All lines below between the line with "Lila Ruby Baget Çapraz Gümüş Yüzük" and the line with "另一種方法是先從表列范圍內(nèi)取T", including both, must be copied exactly, and the pictures must be omitted.

* Working data *
◇ ◇ ◇

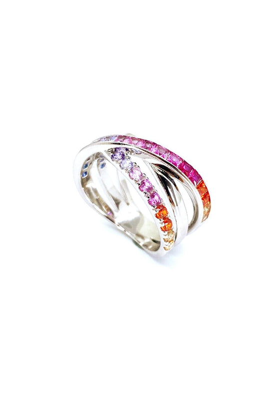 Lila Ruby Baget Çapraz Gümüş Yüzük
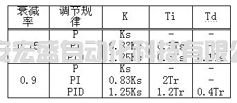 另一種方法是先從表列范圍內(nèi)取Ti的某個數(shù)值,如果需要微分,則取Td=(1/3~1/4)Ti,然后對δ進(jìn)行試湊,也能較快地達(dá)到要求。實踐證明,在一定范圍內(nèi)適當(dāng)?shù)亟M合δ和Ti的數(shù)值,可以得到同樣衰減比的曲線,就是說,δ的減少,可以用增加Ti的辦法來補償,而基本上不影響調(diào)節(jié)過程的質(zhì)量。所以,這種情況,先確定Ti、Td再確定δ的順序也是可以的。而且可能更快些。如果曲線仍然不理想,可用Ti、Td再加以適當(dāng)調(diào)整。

◇ ◇ ◇

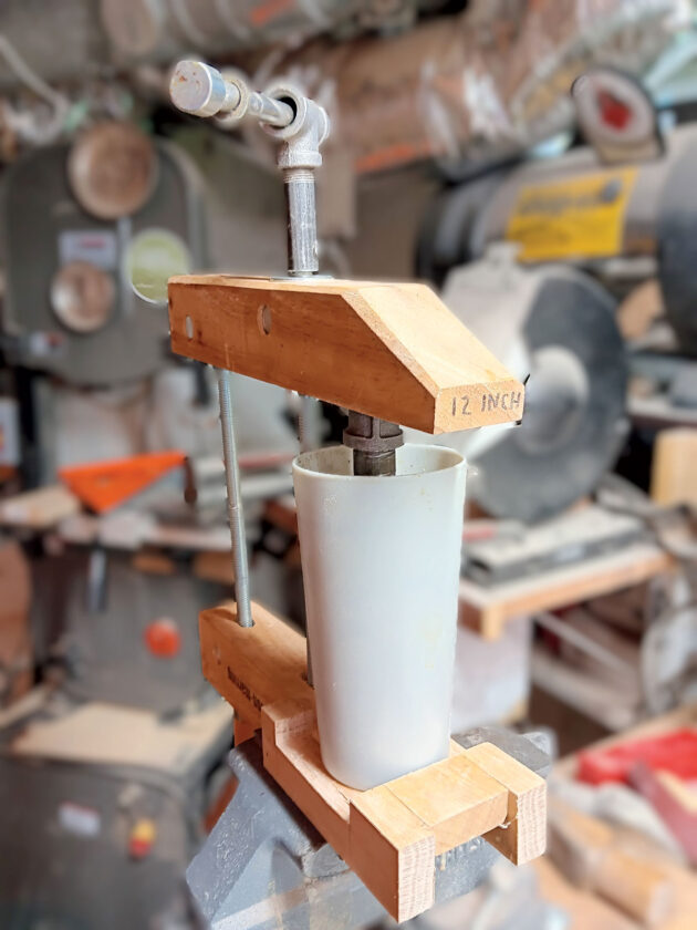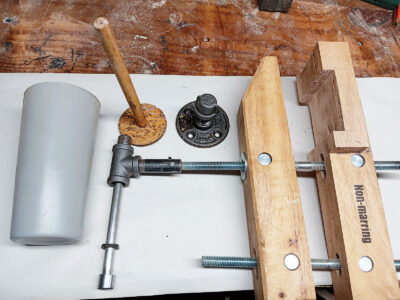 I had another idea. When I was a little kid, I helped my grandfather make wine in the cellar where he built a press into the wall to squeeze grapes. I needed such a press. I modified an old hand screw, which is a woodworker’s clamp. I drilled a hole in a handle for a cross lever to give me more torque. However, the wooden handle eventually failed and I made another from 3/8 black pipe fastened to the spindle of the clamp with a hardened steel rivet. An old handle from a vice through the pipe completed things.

◇ ◇ ◇

* Problem solution *
 Lila Ruby Baget Çapraz Gümüş Yüzük
 另一種方法是先從表列范圍內(nèi)取Ti的某個數(shù)值,如果需要微分,則取Td=(1/3~1/4)Ti,然后對δ進(jìn)行試湊,也能較快地達(dá)到要求。實踐證明,在一定范圍內(nèi)適當(dāng)?shù)亟M合δ和Ti的數(shù)值,可以得到同樣衰減比的曲線,就是說,δ的減少,可以用增加Ti的辦法來補償,而基本上不影響調(diào)節(jié)過程的質(zhì)量。所以,這種情況,先確定Ti、Td再確定δ的順序也是可以的。而且可能更快些。如果曲線仍然不理想,可用Ti、Td再加以適當(dāng)調(diào)整。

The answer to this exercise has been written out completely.